Entre ediciones impresas y online de cuatro diarios locales, leía la novela de Pemex Cadereyta y su humareda amarilla. Respetaron el clásico y justo recurso de “parte y contraparte”. También cabecearon y jerarquizaron con los criterios periodísticos de “oportunidad e inmediatez”. Pero mientras unos procuran dar varios enfoques al tema, otros claramente inducen opiniones. El Norte, por ejemplo:

“Intenta clausurar Estado a Refinería / Tras difundirse imágenes de columnas de humo, Secretaría del Medio Ambiente de NL busca suspender operaciones en la Refinería de Cadereyta.”

“Minimiza Pemex: es ‘vapor de agua’ / Pemex busca minimizar columnas de humo amarillo y negro que salieron de su Refinería en Cadereyta y asegura que eran ‘99% vapor de agua’.”

En el cabeceo de la segunda nota no reporta un hecho sino da una interpretación de este; asume que la contraparte es tendenciosa, es decir, falsa; sicoanaliza a Pemex, editorializa. La nota completa podrá ser objetiva, pero el lector ya está prejuiciado por la cabeza.

Milenio incluye pero no abunda mucho en la contraparte y sí en la reacción del Estado.

El Porvenir intenta equilibrar la reacción estatal con la contraparte de Pemex.

ABC destaca la reacción estatal y detalla, online, la contraparte de Pemex. Además agrega opiniones obviamente oportunistas de Miguel Treviño y Hernán Salinas, quienes ni son expertos en temas ambientales, ni deben tener voz y voto en las decisiones estatales o federales al respecto. Su opinión es respetable, pero inútil, irresponsable e insidiosa.

Algunos incluyen la noticia de un informe/reclamo que no fue recibido en Pemex. Obviamente no fue un rechazo deliberado; en plenos puente y festejos por la Expropiación Petrolera, era de esperarse que no hubiera personal administrativo y muy apenas operativo.
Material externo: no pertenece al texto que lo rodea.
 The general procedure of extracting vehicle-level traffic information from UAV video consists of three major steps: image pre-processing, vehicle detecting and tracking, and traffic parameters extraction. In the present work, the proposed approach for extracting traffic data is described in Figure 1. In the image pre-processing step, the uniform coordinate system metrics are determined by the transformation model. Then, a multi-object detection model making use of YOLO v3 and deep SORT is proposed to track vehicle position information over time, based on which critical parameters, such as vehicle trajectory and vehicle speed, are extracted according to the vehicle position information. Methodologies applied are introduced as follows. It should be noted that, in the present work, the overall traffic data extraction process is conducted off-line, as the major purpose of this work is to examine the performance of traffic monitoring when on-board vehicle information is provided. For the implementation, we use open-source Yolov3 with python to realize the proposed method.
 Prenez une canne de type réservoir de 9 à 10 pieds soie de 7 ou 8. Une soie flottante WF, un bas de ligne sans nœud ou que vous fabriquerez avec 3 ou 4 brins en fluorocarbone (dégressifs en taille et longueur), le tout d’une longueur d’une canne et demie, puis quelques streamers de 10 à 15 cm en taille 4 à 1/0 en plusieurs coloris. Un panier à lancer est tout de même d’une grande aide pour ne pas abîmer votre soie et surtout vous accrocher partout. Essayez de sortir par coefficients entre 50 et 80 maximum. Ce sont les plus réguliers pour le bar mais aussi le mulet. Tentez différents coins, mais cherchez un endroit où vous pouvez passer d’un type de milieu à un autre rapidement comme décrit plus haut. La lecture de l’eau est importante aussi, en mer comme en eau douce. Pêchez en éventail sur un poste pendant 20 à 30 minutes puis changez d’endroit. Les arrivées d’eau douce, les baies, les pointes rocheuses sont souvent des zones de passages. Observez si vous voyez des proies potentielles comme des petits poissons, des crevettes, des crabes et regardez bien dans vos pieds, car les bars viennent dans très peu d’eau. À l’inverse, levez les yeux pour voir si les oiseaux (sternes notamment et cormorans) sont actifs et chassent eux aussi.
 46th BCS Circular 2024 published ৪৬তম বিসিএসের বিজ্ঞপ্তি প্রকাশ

De hecho, el Estado aplicó alguna vez ese truco a los legisladores locales y con argumentos raquíticos.

Eso sí, en todos los casos, espero que sin intención, se hizo origami con papel periódico para elaborar la socorrida “caja china” dónde guardar temas como: otras empresas emisoras de contaminantes ¡dentro de la ciudad!, y el mitote político entre el gobierno estatal y coligadas fracciones legislativas facciosas… entre muchos, muchos otros temas.
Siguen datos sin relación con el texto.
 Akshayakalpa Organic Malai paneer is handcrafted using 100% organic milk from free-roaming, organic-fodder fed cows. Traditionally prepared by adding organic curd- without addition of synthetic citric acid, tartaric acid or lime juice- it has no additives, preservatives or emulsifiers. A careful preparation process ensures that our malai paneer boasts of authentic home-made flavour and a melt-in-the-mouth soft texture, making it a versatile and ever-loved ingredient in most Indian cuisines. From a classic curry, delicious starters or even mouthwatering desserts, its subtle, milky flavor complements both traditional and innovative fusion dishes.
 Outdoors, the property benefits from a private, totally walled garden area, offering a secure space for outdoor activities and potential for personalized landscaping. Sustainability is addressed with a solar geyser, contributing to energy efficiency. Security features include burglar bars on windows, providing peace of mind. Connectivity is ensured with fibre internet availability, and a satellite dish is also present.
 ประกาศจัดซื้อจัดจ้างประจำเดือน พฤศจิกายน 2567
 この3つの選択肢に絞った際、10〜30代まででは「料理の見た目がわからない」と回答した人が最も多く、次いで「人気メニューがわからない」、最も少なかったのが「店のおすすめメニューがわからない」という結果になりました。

Queda pendiente lo más obvio: la explicación clara, convincente, científica y sin prejuicios, de qué fue lo que de verdad emitió Pemex en esa impresionante columna de humos y vapores, y cuál fue su impacto ambiental. Con Pemex o sin Pemex, Monterrey ya respira en una cámara de gases y polvos. Ni Pemex ni organismos estatales de salud y medio ambiente son confiables. Urge una tercera opción que no represente intereses ni empresariales ni políticos; que no opine sino certifique. Parece que no la hay, o si la hay, ni a los involucrados ni a los medios les interesa darle espacio.

Tesla sí construirá muchos autos eléctricos, pero no se hagan ilusiones, no son para nosotros. Desengañémonos: en estos momentos no podemos renunciar al petróleo, es un tema de equilibrio político y económico mundial.